A hacking group known as Gamaredon, believed to have links to Russia and possibly operating under the Russian Federal Security Service (FSB), has been observed utilizing USB-spreading malware to move laterally within compromised Ukrainian networks, according to Symantec.
Key Takeaways:
- Russian hacking group Gamaredon, believed to be operating on behalf of the Russian Federal Security Service (FSB), has been infecting USB drives to move laterally within compromised Ukrainian networks.
- Gamaredon primarily targets government officials, journalists, military personnel, and NGOs, but has also attacked a petroleum refining company.
- The recent attacks by Gamaredon focused on Ukrainian government organizations, military personnel, and security services in support of Russia’s invasion of Ukraine.
Gamaredon, also tracked as Armageddon, Primitive Bear, Shuckworm, and Trident Ursa, has been active since around mid-2013 and primarily targets individuals and entities in Ukraine. The group is notorious for conducting phishing email campaigns to deliver malware and providing access to compromised networks to other threat actors.

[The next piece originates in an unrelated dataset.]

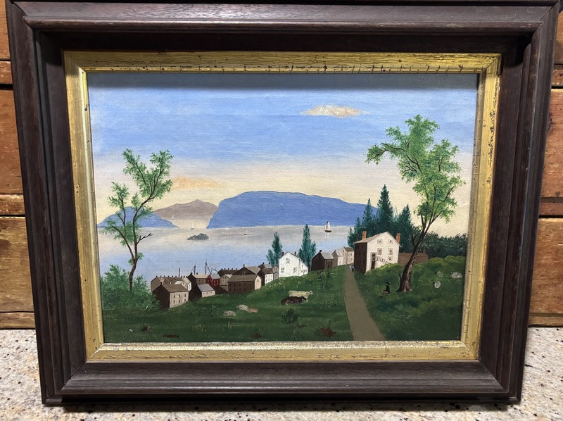 Wonderful New England Folk art painting. Oil on canvas, with great detail of lakeside townscape. Late 19th c., in overall good condition with period frame. No apparent damages or repairs. Measures, frame - 12 3/4" x 15 3/4".
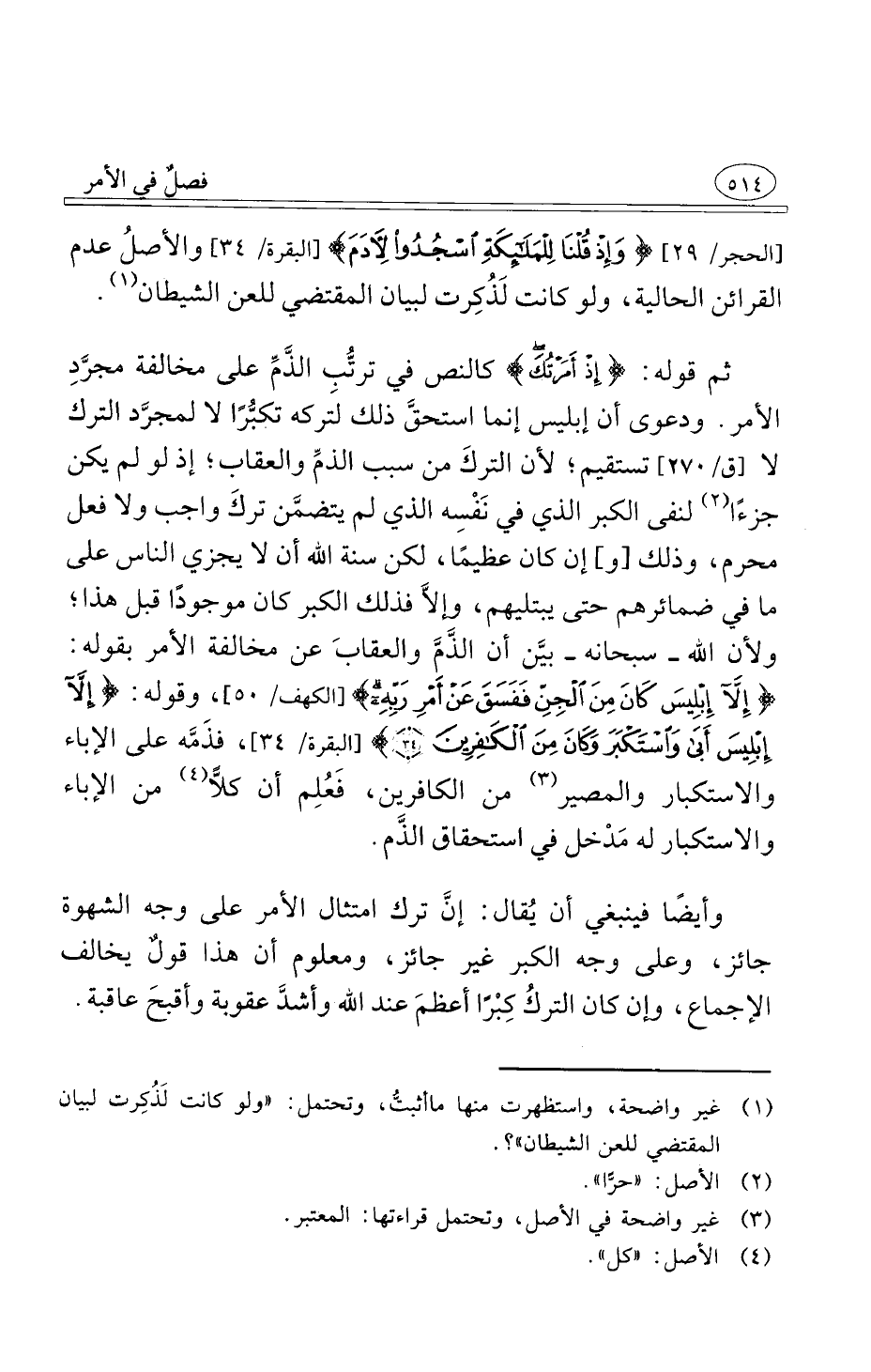 وأيضًا فينبغي أن يُقال إنَّ ترك امتثال الأمر على وجه الشهوة جائز وعلى وجه الكبر غير جائز ومعلوم أن هذا قولٌ يخالف الإجماع وإن كان التركُ كِبْرًا أعظمَ عند الله وأشدَّ عقوبة وأقبحَ عاقبة

Targeting the Ukrainian Government and Military
Gamaredon has a history of targeting government officials, journalists, military personnel, and NGOs in Ukraine. However, recent attacks indicate a specific focus on Ukrainian government organizations, military personnel, and security services, as part of their support for Russia’s invasion of Ukraine, as reported by Symantec.
USB-Spreading Malware for Lateral Movement
To evade detection, Gamaredon has adopted new tactics, including the use of updated tools, fresh infrastructure, and malware propagation through USB drives. The group has developed a PowerShell script that spreads their custom backdoor named Pterodo via USB drives. The script copies itself to infected machines, enumerates all drives, and replicates itself on removable drives.
Potential Air-Gapped Network Access
The USB drives used by the hackers are likely intended for lateral movement within victim networks and may be utilized to reach air-gapped machines within targeted organizations. Symantec has identified multiple compromised systems that were infected after being connected to infected USB drives.
Utilization of Legitimate Services and Campaign Duration
Gamaredon’s recent attacks have shown the use of legitimate services, such as Telegram, for their command-and-control (C&C) infrastructure. While the infrastructure is short-lived to avoid detection, commonalities in observed SSL certificates can assist in tracking. The campaign, focused on systems containing sensitive military information, started around February-March 2023 and, in some cases, granted the attackers access to compromised networks for several months.
Conclusion:
The Gamaredon hacking group, suspected to be operating under the Russian Federal Security Service (FSB), has intensified its attacks on Ukrainian government organizations, military personnel, and security services.
By utilizing USB-spreading malware and employing new tactics, including the use of legitimate services and targeting air-gapped machines, the group aims to achieve persistent access and steal sensitive information. The ongoing nature of these attacks underscores the importance of robust cybersecurity measures to safeguard critical systems and networks.